We have NFS mounts, although there were no issues on other systems accessing these same mounts, and nothing in any logs suggesting issues accessing these filesystems.
There are SAN disks (a *lot* of SAN disks) but I dont have access to the arrays/switches so will have to ask the Storage guys to look at this. Nothing was reported in syslog, although we have already identified that during the problem, some processes were not writing to logs - ie, MWA etc so this isnt conclusive. I will have to see what our Storage guys can tell me about the SAN at that time.
Bill Hassell
Honored Contributor

Re: Diagnosing performance issues

The symptoms (no0 syslog, no mwa stats, sounds a *lot* like SAN disk delays. You generally cannot use the array information because such delays are considered *normal* (BCV splits, repaired drive reinstatement, etc) so you may have to rely on SAN switch stats. A correlation between array internal logs may also help trace the problem.


Bill Hassell, sysadmin
whiteknight
Honored Contributor

Re: Diagnosing performance issues

Richard,

Here is a quick guide to performance troubleshooting. Hope this help

WK
don't forget to assign points
Problem never ends, you must know how to fix it
bixley
Advisor

Re: Diagnosing performance issues

Do these freezes happen at the same times on within the hour?
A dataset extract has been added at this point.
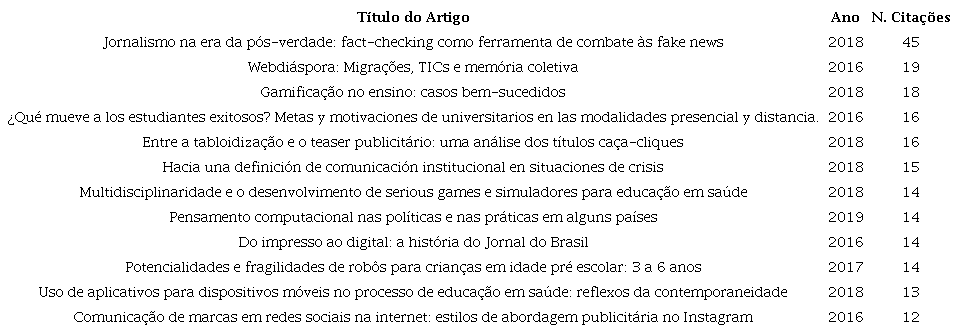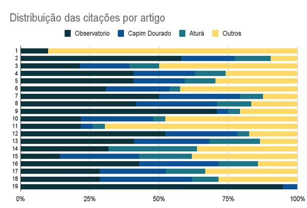 Na distribuição das citações por artigo, é possível verificar que apenas dois trabalhos possuem mais citações de outras fontes para além das três revistas predominantes. São os seguintes artigos: “Jornalismo na era da pós-verdade: fact-checking como ferramenta de combate às fake news” (artigo 1 no gráfico 2) e “Entre a tabloidização e o teaser publicitário: uma análise dos títulos caça-cliques” (artigo 11 no gráfico 2).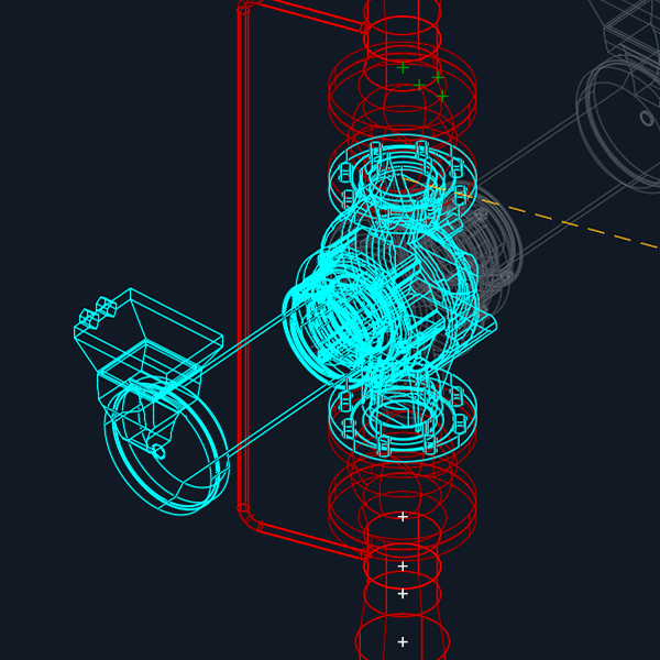 Insérer un conduit oblique sur un réseau est maintenant plus simple. Une fois qu’il est positionné, la commande AUTOFLUID adapte automatiquement les objets adjacents.

What is your DNS configuration?
Contents of /etc/nsswitch.hp_defaults or /etc/nsswitch.conf

and /etc/resolv.conf

If using DNS are the hosts doing the resolving under stress at certain times? (affecting your host with freezes when names cannot be resolved quickly).
skt_skt
Honored Contributor

Re: Diagnosing performance issues

"The measureware stats are simply missing for the two windows..there is an entry at 20:40, then the next entry is 21:07 continuing util 21:25 and a gap until 21:40"

is the CPU/MEM/swap utilization looks normal on the time window you have the data available. is that gradually increasing and stopped data collection at a point..

I hope this server is not part of any cluster.. other wise the server could have done a TOC and you may have a full crash dump for further analysis.